Visit www.dubaiselect.co.uk and find out all about the Torch- Dubai Marina


----------



## dazz

paultaylorworld said:


> Visit www.dubaiselect.co.uk and find out all about the Torch- Dubai Marina


I can't find the torch from there


----------



## ragga

paultaylorworld-

Rahail Aslam hasnt released any information yet on the tower.. i will get the information asap and post here.


----------



## paultaylorworld

You will find that the Tower is currently on Pre release with Dubai Select who are the ONLY company selling this Tower. 
1 Beds from £103,000 2 Beds from £140,000 and 3 beds from £269,000. 
Architects and Builders are Khatib Alami and the developer is Dubai select LLC. 
There is an easy payment plan and if anyone requires renders or brochures please contact me [email protected] I will be happy to take your calls on 0870 1118765 in the UK or 0044 1614883555 outside the UK.


----------



## dazz

paultaylorworld: can you post renders here?


----------



## Dubai-Lover

oh yes, maybe you happen to have a render of this tower

and as you seem to work for this company can you tell us when the tower will be launched to the public?

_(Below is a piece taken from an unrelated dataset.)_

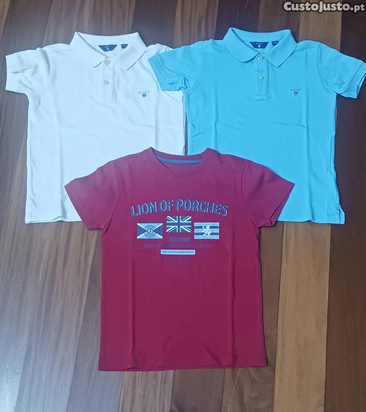 Conjunto de 2 polos da marca Gant e uma t- shirt da marca lion of porches para criança.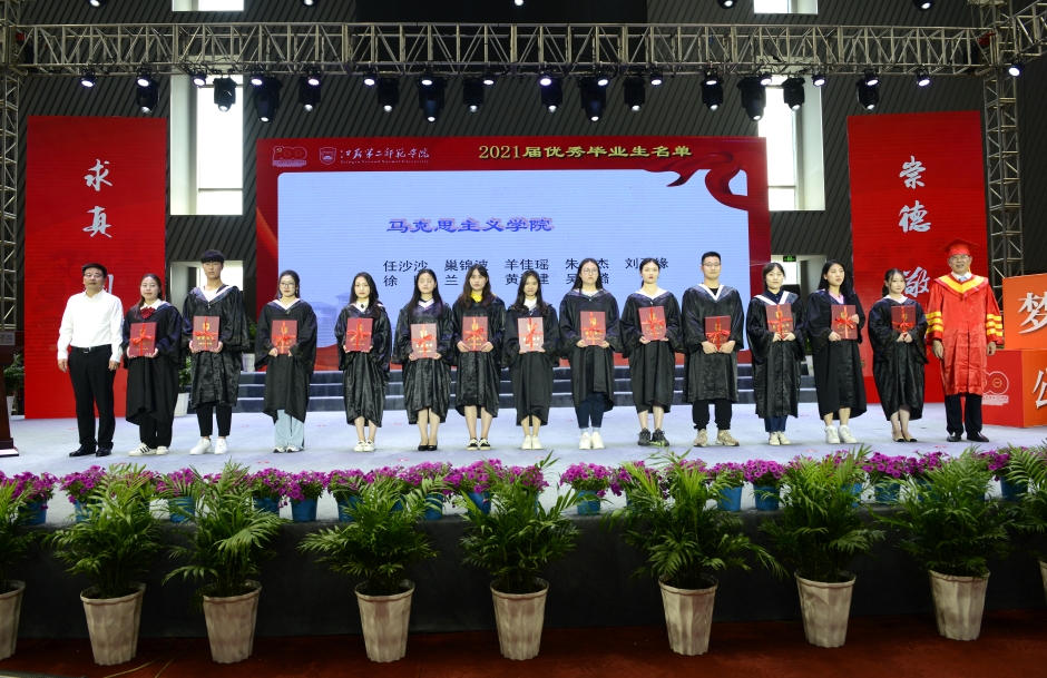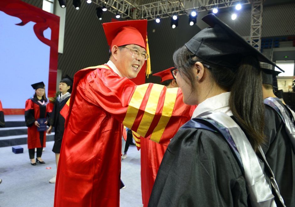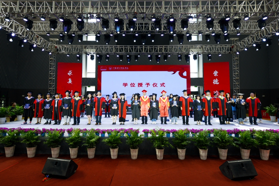 校领导、二级学院负责人、主要职能部门负责人为全体毕业生颁发毕业证书,为每一位学士学位获得者扶正流苏、授予学位证书并合影留念。

why is not on the homepage as you've said?


----------



## SUR

Dont ya just get the feeling there are a few property agents on this forum trying to make out they have exclusive rights to sell a tower.


----------



## Chelski boy

SUR said:


> Dont ya just get the feeling there are a few property agents on this forum trying to make out they have exclusive rights to sell a tower.


Re Torch..
I have just been contacted by another Dubai Estate Agent informing me they have' signed agreement with developer to offer clients pre launch prices'..with finance etc etc... mmmmm


----------



## paultaylorworld

I will post render later this morning. To answer your question the web site goes live next week and the public launch is May.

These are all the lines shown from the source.